Inheritance patterns depend on the type of Ehlers–Danlos syndrome. Most forms of the condition are inherited in an autosomal dominant pattern, which means only one of the two copies of the gene in question must be altered to cause the disorder. The minority are inherited in an autosomal recessive pattern, which means both copies of the gene must be altered for a person to be affected by the condition. It can also be an individual (de novo or "sporadic") mutation. Please refer to the summary for each type of Ehlers–Danlos syndrome for a discussion of its inheritance pattern.
[edit] Diagnosis
A diagnosis can be made by clinical observation. Both DNA and biochemical studies can be used to help identify affected individuals. In some cases, a skin biopsy has been found to be useful in confirming a diagnosis. Unfortunately, these tests are not sensitive enough to identify all individuals with EDS. If there are multiple affected individuals in a family, it may be possible to perform prenatal diagnosis using a DNA information technique known as a linkage study.

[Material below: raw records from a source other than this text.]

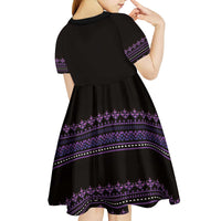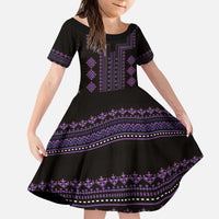 Bulgaria Traditional Pattern Purple Kid Short Sleeve Dress Balkan Culture LT01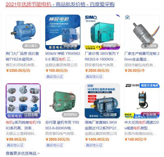 (百度愛采購搜索得出2021年優(yōu)質(zhì)節(jié)能電機(jī)價格)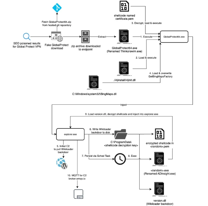 A new malware campaign is spoofing Palo Alto Networks’ GlobalProtect VPN software to deliver a variant of the WikiLoader (aka WailingCrab) loader by means of a search engine optimization (SEO) campaign.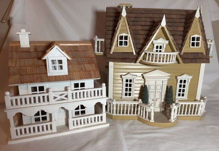 2 decorative bird houses. White house can hang on wall and measures 10 1/4"l x 10 3/4"h. Tan Victorian house measures 14 1/4"l x15"h and has damage to upper railing on one end.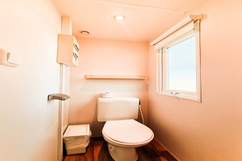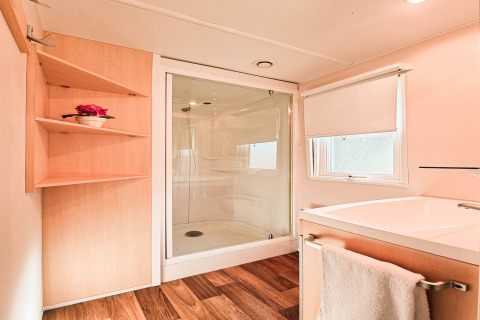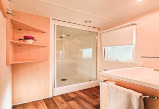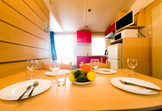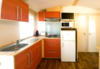 De open, elektrische keuken is volledig uitgerust voor een zorgeloos verblijf met eigen kookgelegenheid. Je vindt er een koelkast, diepvries, microgolfoven, koffiemachine, broodrooster, en al het nodige servies en bestek. Of je nu snel iets klaarmaakt om op stap te gaan, of een eenvoudig avondmaal wilt koken om op het terras te eten – alles is aanwezig.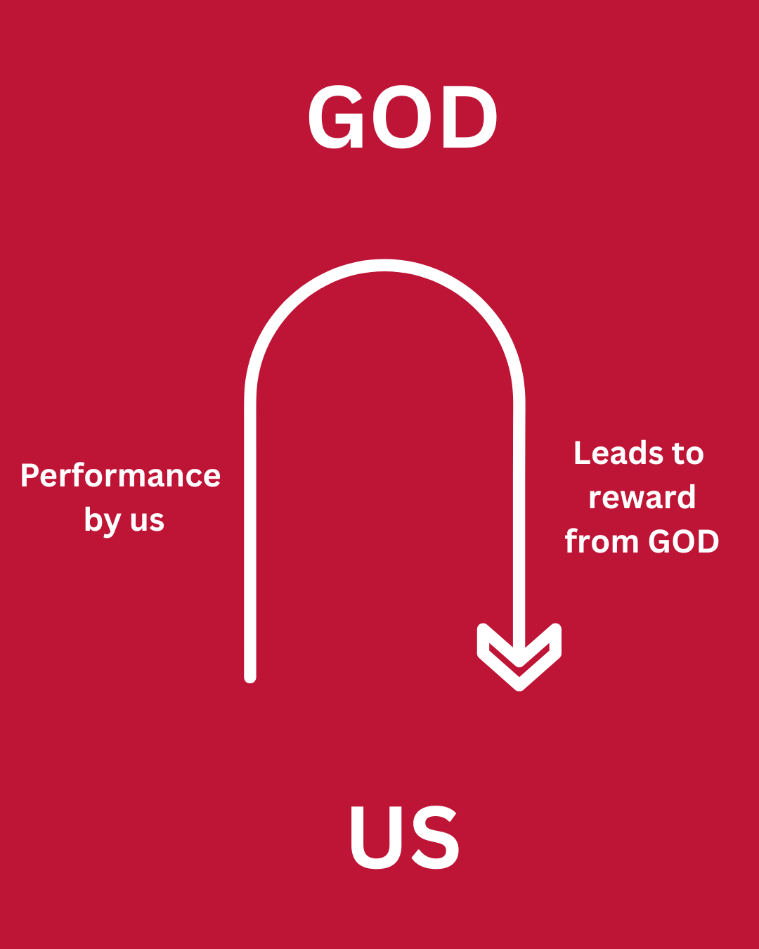 We perform for God and he responds by giving us rewards. It is the N view of God. Our performance might be doing good things (caring for people, charity, being a good person) or it might look religious ( keeping the religious rules, carrying out the religious rituals and practices, supporting the work of the religion with money / time or in other ways). But whether this is thought of in religious terms or just in general terms of goodness, it has at its heart the same fundamental idea - I perform for God and this leads to him rewarding me. It is 100% wrong.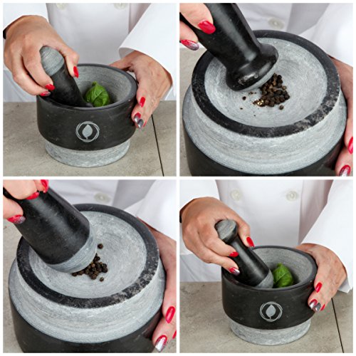 - EASY TO USE kitchen tool that grinds and crushes spices, herbs, salt, coffee beans and even pills and creates dishes like guacamole, curry, pastes, dips, dressings, seasonings and more.

[edit] Differential diagnosis
There are several disorders that have some of the characteristics of Ehlers–Danlos syndrome. For example, in cutis laxa the skin is loose, hanging, and wrinkled. In EDS, the skin can be pulled away from the body but is elastic and returns to normal when let go. In Marfan syndrome, the joints are very mobile and similar cardiovascular complications occur. In the past, Menkes disease, a copper metabolism disorder, was thought to be a form of Ehlers–Danlos syndrome. Because of these similar disorders, a correct diagnosis is very important.[16]
[edit] Management
There is no cure for Ehlers Danlos Syndrome. The treatment is supportive. Close monitoring of the cardiovascular system, physical therapy, occupational therapy, and orthopedic instruments (e.g., wheelchairs, bracing) may be helpful. One should avoid activities that cause the joint to lock or overextend.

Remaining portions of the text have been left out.